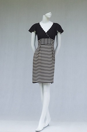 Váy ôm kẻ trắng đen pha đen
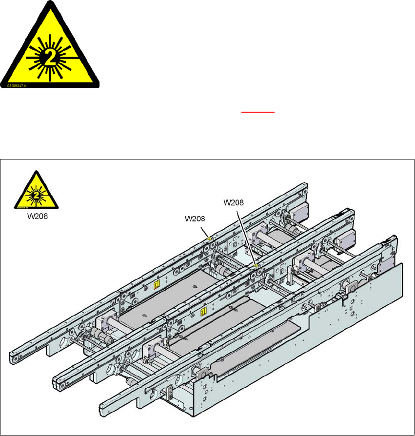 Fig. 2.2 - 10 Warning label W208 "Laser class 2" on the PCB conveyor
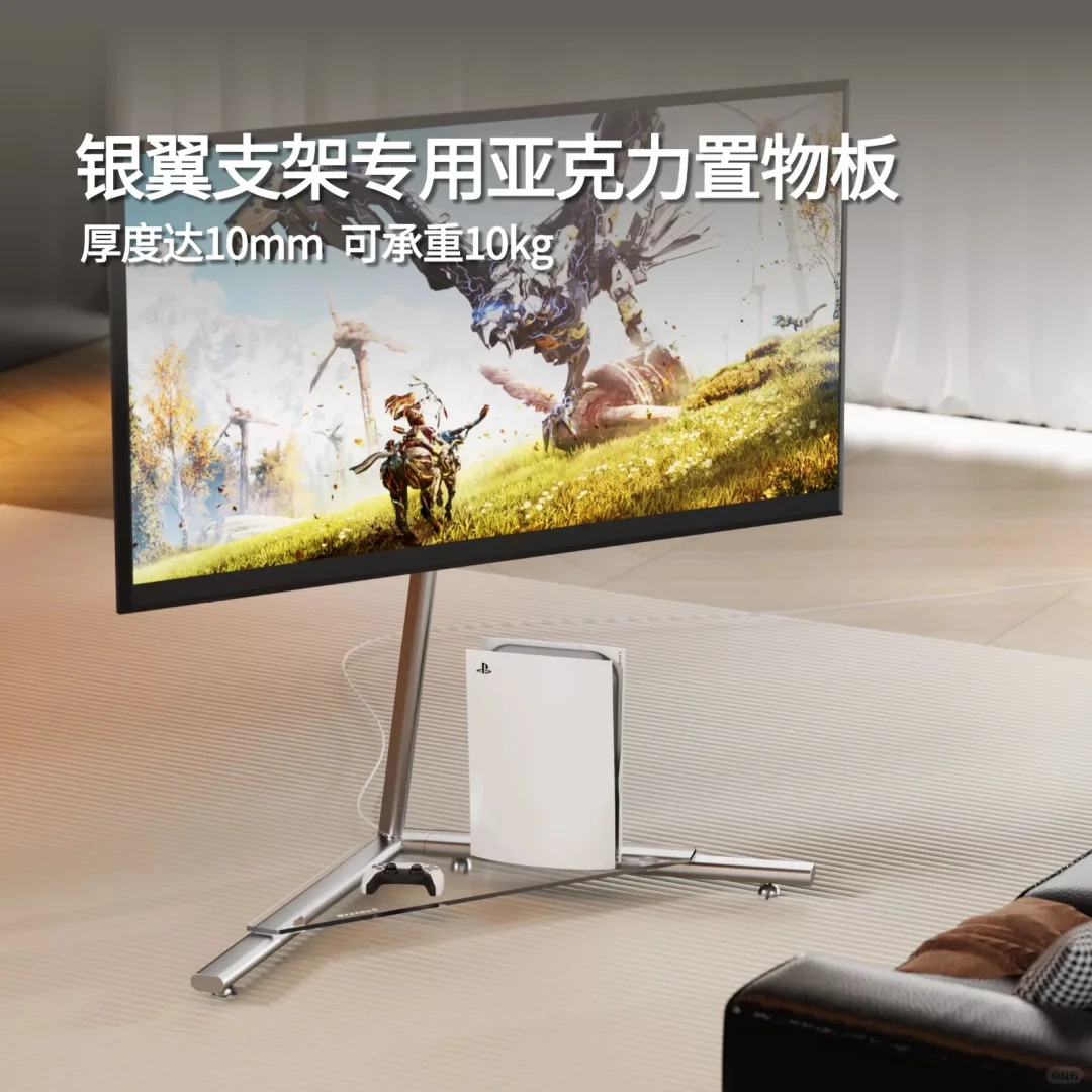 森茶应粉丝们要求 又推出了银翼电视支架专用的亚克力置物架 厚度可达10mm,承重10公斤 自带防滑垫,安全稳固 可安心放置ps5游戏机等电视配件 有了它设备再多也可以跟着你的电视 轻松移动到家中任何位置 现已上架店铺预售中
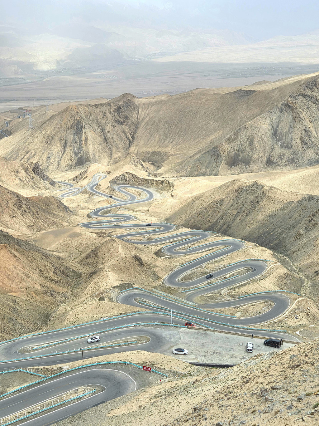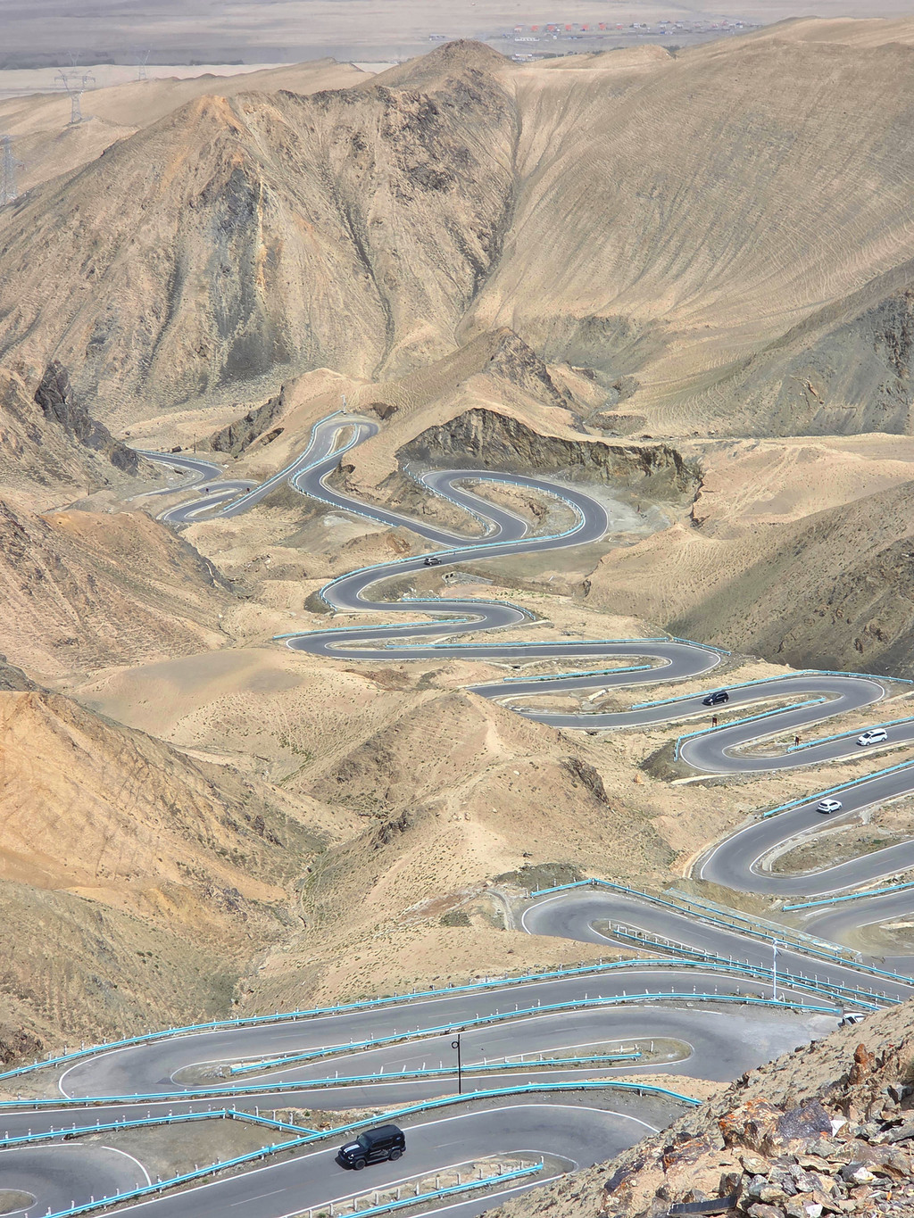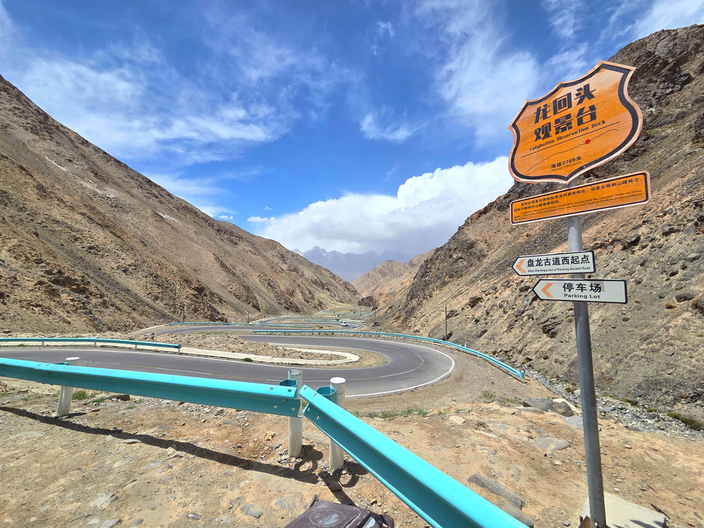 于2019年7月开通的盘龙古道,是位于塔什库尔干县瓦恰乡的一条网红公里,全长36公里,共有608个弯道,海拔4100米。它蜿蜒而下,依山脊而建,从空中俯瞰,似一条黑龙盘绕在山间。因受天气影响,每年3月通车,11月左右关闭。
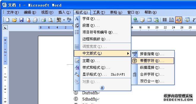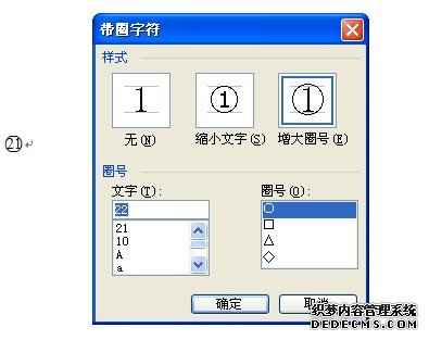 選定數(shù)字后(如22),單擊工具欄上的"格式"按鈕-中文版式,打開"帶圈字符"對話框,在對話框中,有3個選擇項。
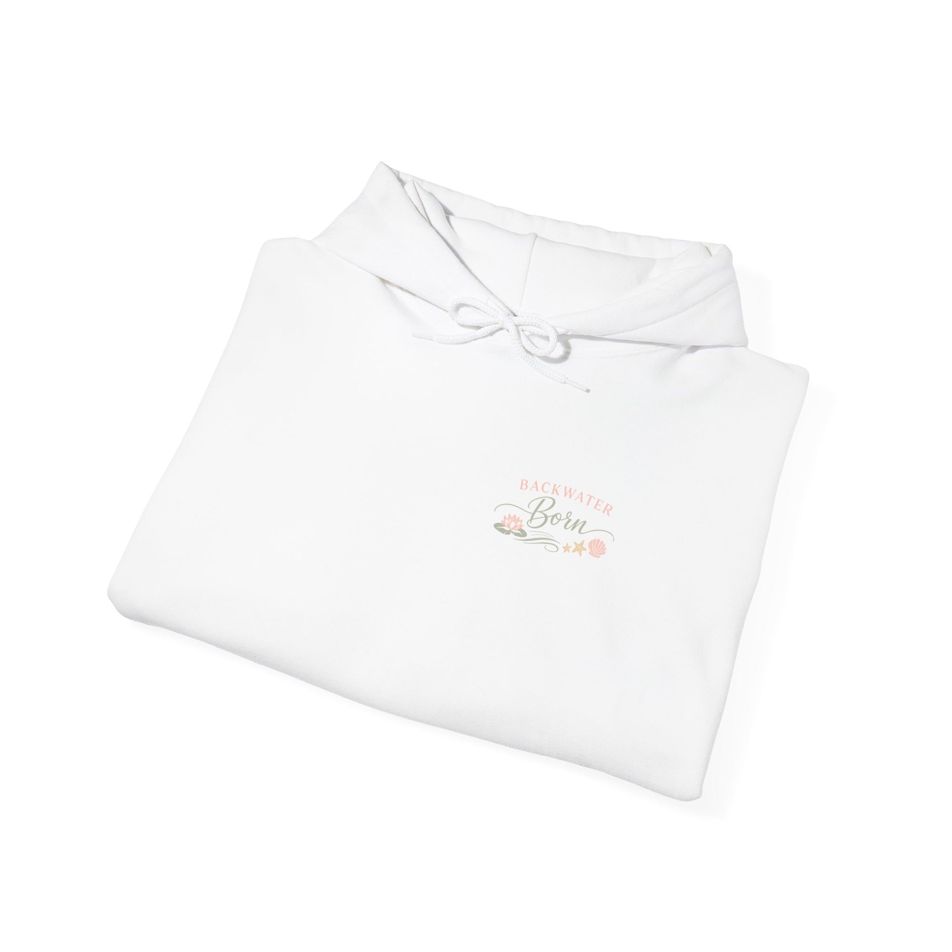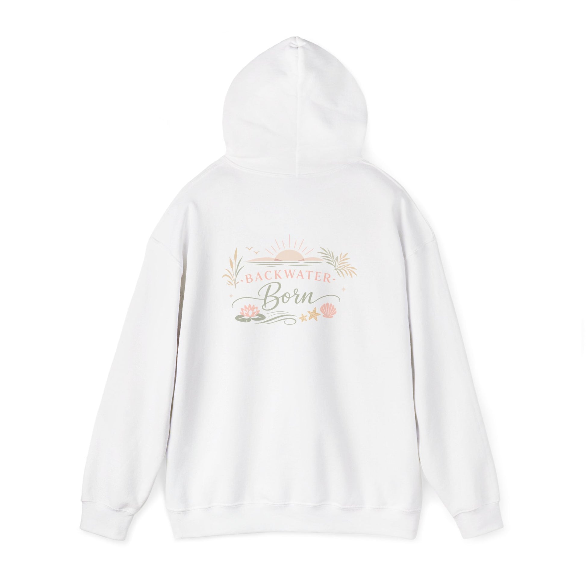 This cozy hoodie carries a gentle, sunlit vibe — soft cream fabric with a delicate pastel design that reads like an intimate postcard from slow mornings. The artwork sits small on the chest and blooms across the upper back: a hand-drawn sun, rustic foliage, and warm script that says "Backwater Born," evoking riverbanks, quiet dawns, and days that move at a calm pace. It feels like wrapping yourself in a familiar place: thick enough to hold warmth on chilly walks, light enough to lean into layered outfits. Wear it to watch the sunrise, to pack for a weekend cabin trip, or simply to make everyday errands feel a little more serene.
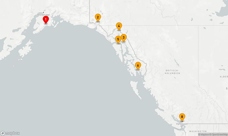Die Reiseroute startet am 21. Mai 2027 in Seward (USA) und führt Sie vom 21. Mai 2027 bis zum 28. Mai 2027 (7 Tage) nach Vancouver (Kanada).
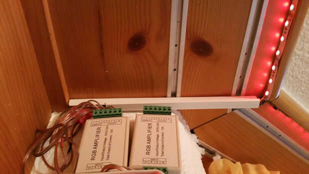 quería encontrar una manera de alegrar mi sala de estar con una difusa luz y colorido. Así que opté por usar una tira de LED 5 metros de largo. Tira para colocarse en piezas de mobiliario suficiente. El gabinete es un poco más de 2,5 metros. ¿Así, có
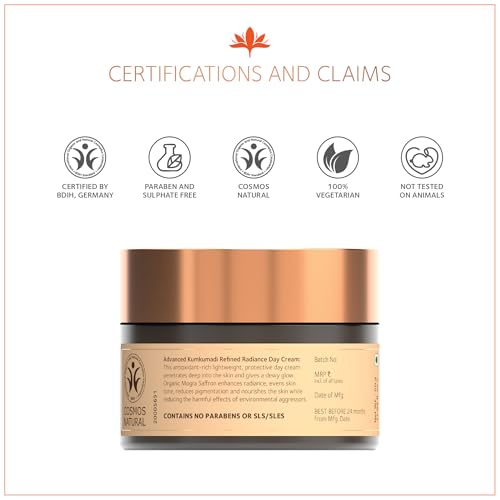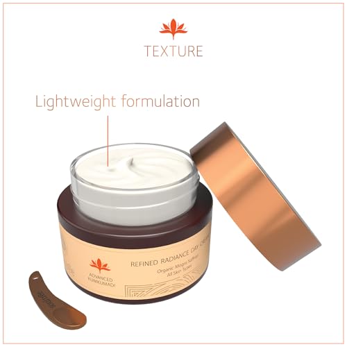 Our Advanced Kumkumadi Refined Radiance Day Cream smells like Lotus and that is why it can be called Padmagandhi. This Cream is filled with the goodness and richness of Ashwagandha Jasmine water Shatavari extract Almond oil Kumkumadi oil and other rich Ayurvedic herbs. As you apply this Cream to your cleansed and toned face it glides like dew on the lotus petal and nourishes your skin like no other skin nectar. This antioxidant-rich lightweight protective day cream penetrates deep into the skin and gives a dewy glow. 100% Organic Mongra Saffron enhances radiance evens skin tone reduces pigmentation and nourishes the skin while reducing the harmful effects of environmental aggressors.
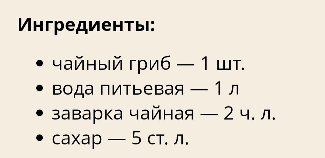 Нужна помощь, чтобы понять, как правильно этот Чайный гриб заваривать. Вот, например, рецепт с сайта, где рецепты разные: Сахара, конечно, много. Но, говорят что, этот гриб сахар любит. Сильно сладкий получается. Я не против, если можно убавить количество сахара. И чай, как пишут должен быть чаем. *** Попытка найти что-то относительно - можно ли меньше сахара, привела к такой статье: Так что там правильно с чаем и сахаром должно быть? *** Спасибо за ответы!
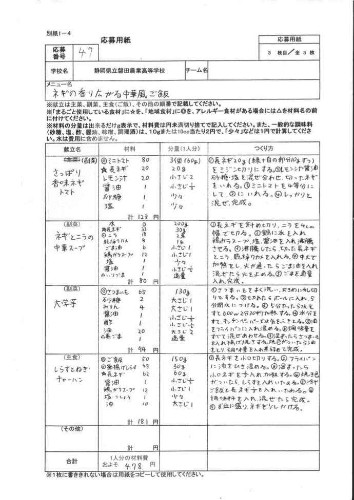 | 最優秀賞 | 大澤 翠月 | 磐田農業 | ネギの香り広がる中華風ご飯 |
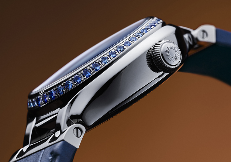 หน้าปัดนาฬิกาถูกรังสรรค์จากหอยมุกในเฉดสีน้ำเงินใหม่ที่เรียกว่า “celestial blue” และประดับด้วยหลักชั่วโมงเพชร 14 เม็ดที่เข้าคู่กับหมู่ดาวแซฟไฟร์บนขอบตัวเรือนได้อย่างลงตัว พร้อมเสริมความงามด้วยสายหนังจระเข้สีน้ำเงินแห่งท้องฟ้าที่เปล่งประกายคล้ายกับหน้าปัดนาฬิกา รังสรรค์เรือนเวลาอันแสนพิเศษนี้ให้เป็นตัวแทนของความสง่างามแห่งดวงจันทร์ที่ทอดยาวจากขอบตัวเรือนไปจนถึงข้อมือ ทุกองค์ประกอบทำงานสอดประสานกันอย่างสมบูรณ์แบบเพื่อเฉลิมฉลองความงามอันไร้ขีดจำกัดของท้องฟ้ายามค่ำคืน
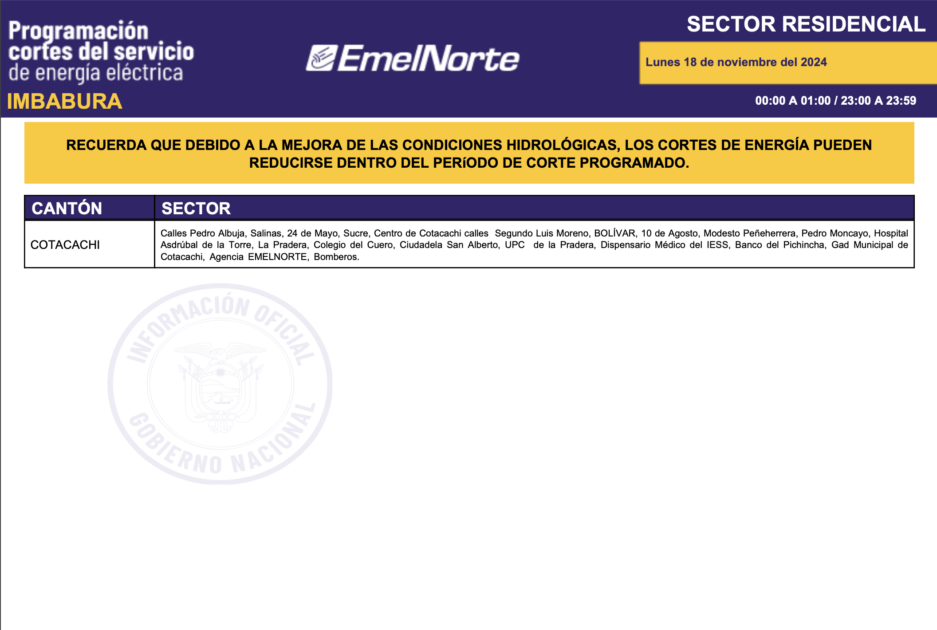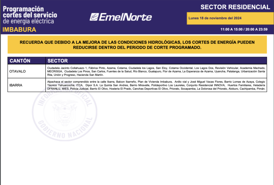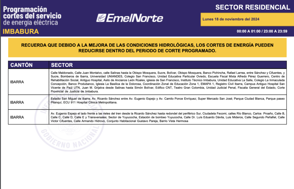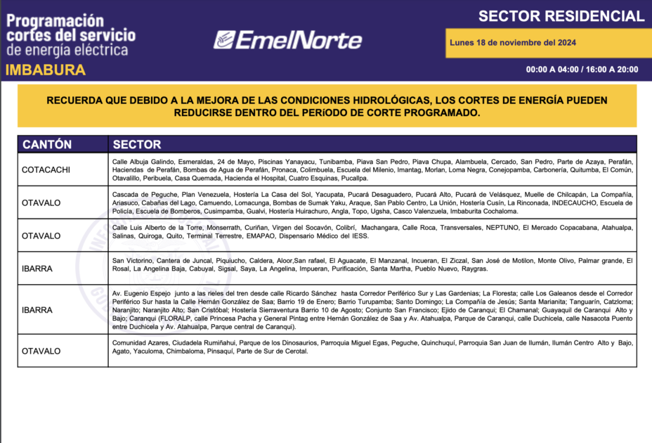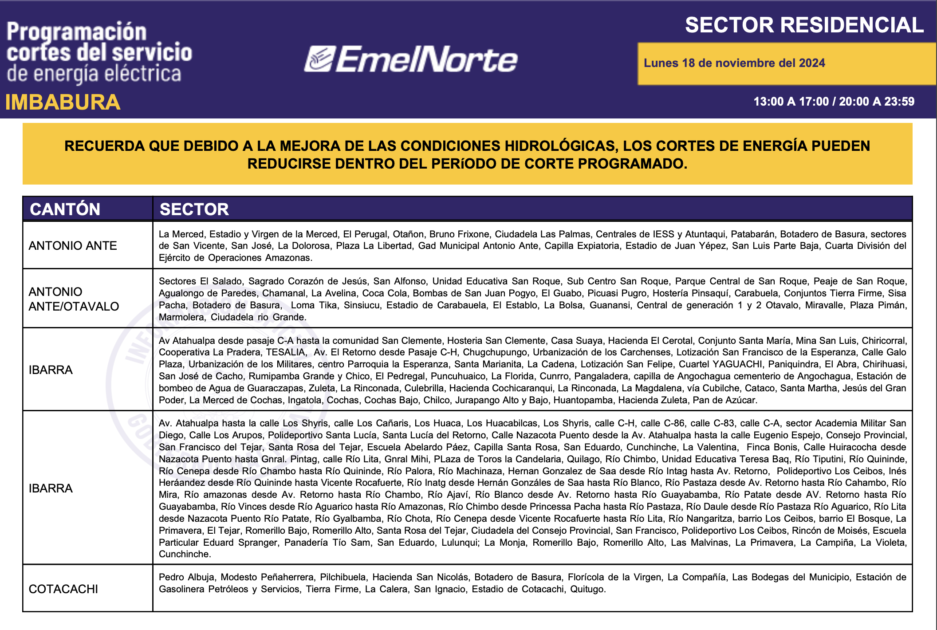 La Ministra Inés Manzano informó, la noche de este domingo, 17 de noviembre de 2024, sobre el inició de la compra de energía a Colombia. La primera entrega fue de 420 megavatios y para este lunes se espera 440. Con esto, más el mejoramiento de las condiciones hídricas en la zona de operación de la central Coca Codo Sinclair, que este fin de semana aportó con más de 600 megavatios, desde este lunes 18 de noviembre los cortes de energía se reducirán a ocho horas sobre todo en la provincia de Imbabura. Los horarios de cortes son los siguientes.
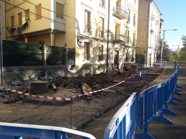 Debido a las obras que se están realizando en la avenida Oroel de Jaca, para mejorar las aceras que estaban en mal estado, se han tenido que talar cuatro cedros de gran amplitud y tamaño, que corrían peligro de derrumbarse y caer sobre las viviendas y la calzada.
◆ ◆ ◆ ◆ ◆
[Problem details]
Find the line with "于2019年7月开通的盘龙古" and the line with "quería encontrar una" in the records above. Copy both and all lines between them exactly, without pictures.

[Task answer]
 于2019年7月开通的盘龙古道,是位于塔什库尔干县瓦恰乡的一条网红公里,全长36公里,共有608个弯道,海拔4100米。它蜿蜒而下,依山脊而建,从空中俯瞰,似一条黑龙盘绕在山间。因受天气影响,每年3月通车,11月左右关闭。
 選定數(shù)字后(如22),單擊工具欄上的"格式"按鈕-中文版式,打開"帶圈字符"對話框,在對話框中,有3個選擇項。
 This cozy hoodie carries a gentle, sunlit vibe — soft cream fabric with a delicate pastel design that reads like an intimate postcard from slow mornings. The artwork sits small on the chest and blooms across the upper back: a hand-drawn sun, rustic foliage, and warm script that says "Backwater Born," evoking riverbanks, quiet dawns, and days that move at a calm pace. It feels like wrapping yourself in a familiar place: thick enough to hold warmth on chilly walks, light enough to lean into layered outfits. Wear it to watch the sunrise, to pack for a weekend cabin trip, or simply to make everyday errands feel a little more serene.
Die Reiseroute startet am 21. Mai 2027 in Seward (USA) und führt Sie vom 21. Mai 2027 bis zum 28. Mai 2027 (7 Tage) nach Vancouver (Kanada).
 quería encontrar una manera de alegrar mi sala de estar con una difusa luz y colorido. Así que opté por usar una tira de LED 5 metros de largo. Tira para colocarse en piezas de mobiliario suficiente. El gabinete es un poco más de 2,5 metros. ¿Así, có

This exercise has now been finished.